Work task: Starting with the line below that holds "An American bazookaman" and stopping after the line that holds "這兩天,一則微博網帖在網上頗", transcribe the lines exactly, leaving out all pictures.

Material for the task:
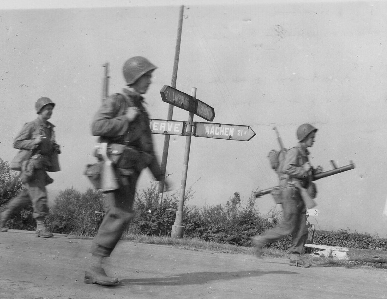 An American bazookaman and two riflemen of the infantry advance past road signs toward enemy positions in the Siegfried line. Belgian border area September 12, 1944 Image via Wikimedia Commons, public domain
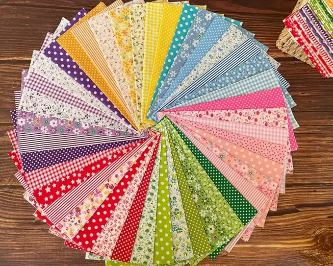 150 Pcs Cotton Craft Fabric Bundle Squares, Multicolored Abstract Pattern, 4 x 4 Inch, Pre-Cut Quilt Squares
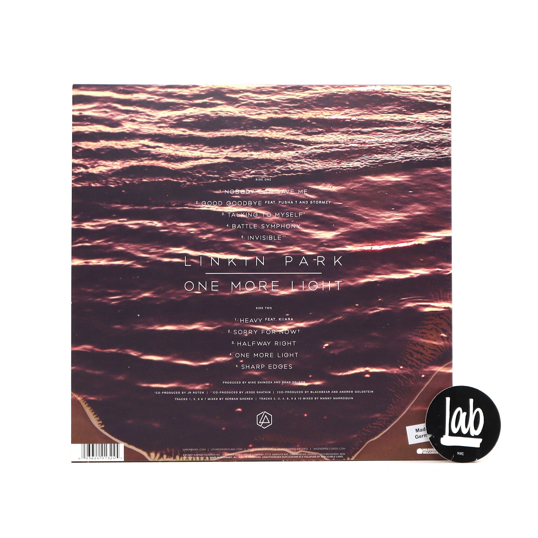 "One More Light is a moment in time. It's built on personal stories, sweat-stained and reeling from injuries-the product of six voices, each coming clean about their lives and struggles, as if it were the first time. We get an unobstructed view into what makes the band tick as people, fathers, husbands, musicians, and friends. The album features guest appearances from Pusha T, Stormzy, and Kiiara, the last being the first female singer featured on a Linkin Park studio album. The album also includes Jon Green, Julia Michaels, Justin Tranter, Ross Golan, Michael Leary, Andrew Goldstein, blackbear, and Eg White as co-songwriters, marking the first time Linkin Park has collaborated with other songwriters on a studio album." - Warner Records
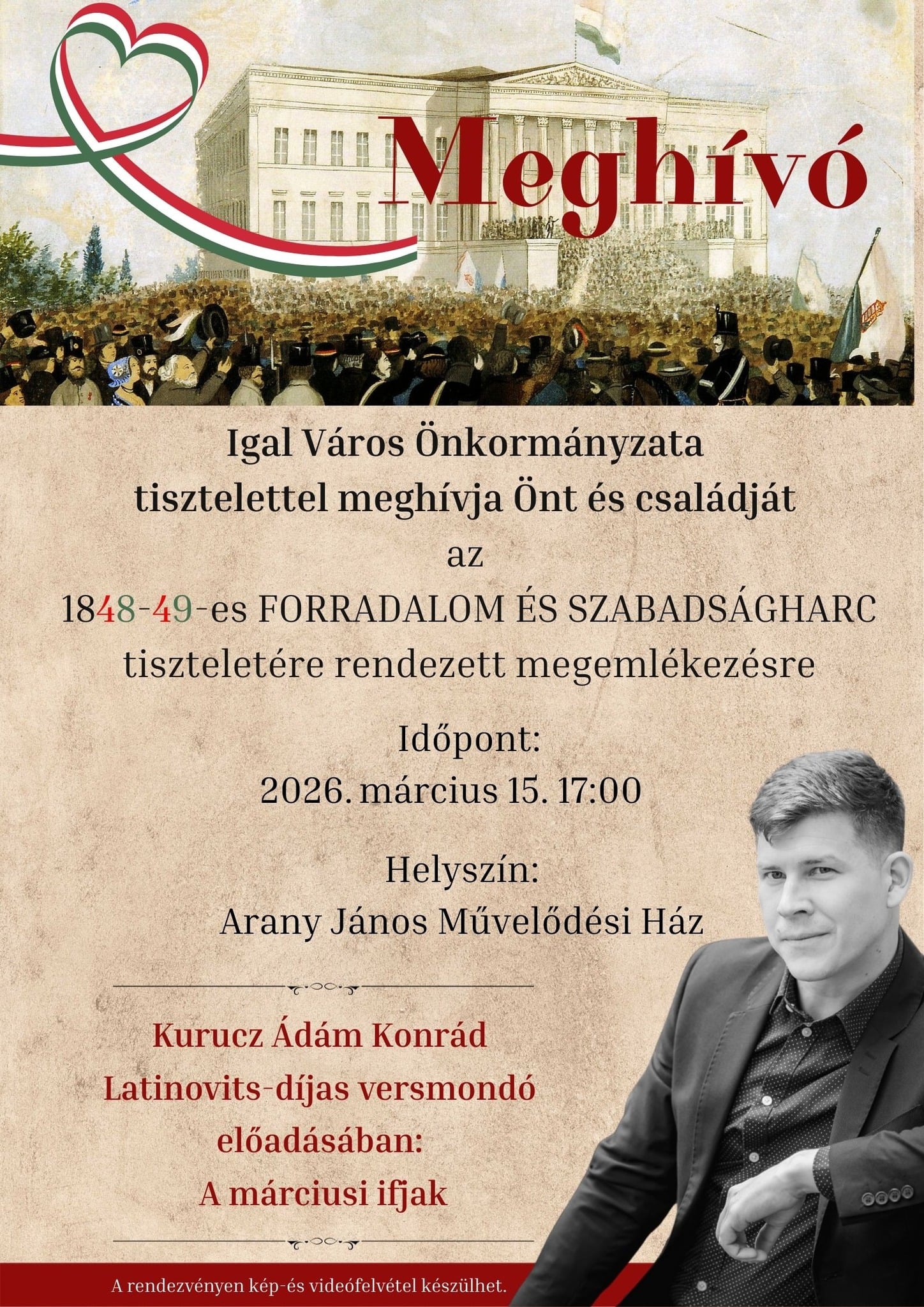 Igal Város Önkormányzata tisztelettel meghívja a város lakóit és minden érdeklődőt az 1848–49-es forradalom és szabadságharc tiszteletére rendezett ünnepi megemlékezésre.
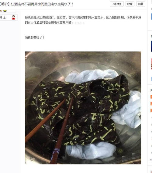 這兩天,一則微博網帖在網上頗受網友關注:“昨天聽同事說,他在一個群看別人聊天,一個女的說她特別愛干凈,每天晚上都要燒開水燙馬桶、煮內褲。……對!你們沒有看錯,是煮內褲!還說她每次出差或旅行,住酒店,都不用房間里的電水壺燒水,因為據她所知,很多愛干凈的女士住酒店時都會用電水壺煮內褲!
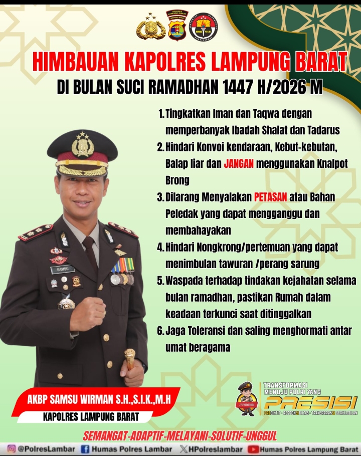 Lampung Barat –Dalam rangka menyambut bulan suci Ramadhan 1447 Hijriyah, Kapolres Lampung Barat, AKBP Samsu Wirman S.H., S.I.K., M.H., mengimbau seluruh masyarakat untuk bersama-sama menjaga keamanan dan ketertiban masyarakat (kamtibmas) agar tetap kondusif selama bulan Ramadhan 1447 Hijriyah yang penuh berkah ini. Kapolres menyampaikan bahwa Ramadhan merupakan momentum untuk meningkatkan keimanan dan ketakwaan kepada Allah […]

---

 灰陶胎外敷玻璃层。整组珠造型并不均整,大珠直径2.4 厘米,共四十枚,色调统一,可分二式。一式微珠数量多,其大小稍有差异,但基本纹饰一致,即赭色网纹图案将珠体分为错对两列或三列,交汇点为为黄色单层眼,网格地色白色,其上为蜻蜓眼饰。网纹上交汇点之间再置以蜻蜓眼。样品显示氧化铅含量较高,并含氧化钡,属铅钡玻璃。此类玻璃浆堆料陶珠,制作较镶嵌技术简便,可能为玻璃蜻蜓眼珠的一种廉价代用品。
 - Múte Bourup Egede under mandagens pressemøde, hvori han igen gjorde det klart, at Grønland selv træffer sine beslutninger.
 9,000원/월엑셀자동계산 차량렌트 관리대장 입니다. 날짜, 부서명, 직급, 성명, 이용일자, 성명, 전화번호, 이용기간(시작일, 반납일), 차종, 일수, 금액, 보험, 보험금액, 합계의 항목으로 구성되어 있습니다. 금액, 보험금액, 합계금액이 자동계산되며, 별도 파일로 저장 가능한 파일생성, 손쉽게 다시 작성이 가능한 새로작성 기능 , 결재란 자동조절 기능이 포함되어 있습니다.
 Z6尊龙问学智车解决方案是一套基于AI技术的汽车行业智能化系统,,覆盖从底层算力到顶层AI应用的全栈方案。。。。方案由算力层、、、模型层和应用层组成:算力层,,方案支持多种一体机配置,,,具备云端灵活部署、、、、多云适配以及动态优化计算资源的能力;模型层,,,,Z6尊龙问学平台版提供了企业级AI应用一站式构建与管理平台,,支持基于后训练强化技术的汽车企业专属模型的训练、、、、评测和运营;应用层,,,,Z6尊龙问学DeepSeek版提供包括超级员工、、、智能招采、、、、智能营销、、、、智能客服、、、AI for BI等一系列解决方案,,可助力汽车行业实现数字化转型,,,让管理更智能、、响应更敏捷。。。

Reply to the task:
 An American bazookaman and two riflemen of the infantry advance past road signs toward enemy positions in the Siegfried line. Belgian border area September 12, 1944 Image via Wikimedia Commons, public domain
 150 Pcs Cotton Craft Fabric Bundle Squares, Multicolored Abstract Pattern, 4 x 4 Inch, Pre-Cut Quilt Squares
 "One More Light is a moment in time. It's built on personal stories, sweat-stained and reeling from injuries-the product of six voices, each coming clean about their lives and struggles, as if it were the first time. We get an unobstructed view into what makes the band tick as people, fathers, husbands, musicians, and friends. The album features guest appearances from Pusha T, Stormzy, and Kiiara, the last being the first female singer featured on a Linkin Park studio album. The album also includes Jon Green, Julia Michaels, Justin Tranter, Ross Golan, Michael Leary, Andrew Goldstein, blackbear, and Eg White as co-songwriters, marking the first time Linkin Park has collaborated with other songwriters on a studio album." - Warner Records
 Igal Város Önkormányzata tisztelettel meghívja a város lakóit és minden érdeklődőt az 1848–49-es forradalom és szabadságharc tiszteletére rendezett ünnepi megemlékezésre.
 這兩天,一則微博網帖在網上頗受網友關注:“昨天聽同事說,他在一個群看別人聊天,一個女的說她特別愛干凈,每天晚上都要燒開水燙馬桶、煮內褲。……對!你們沒有看錯,是煮內褲!還說她每次出差或旅行,住酒店,都不用房間里的電水壺燒水,因為據她所知,很多愛干凈的女士住酒店時都會用電水壺煮內褲!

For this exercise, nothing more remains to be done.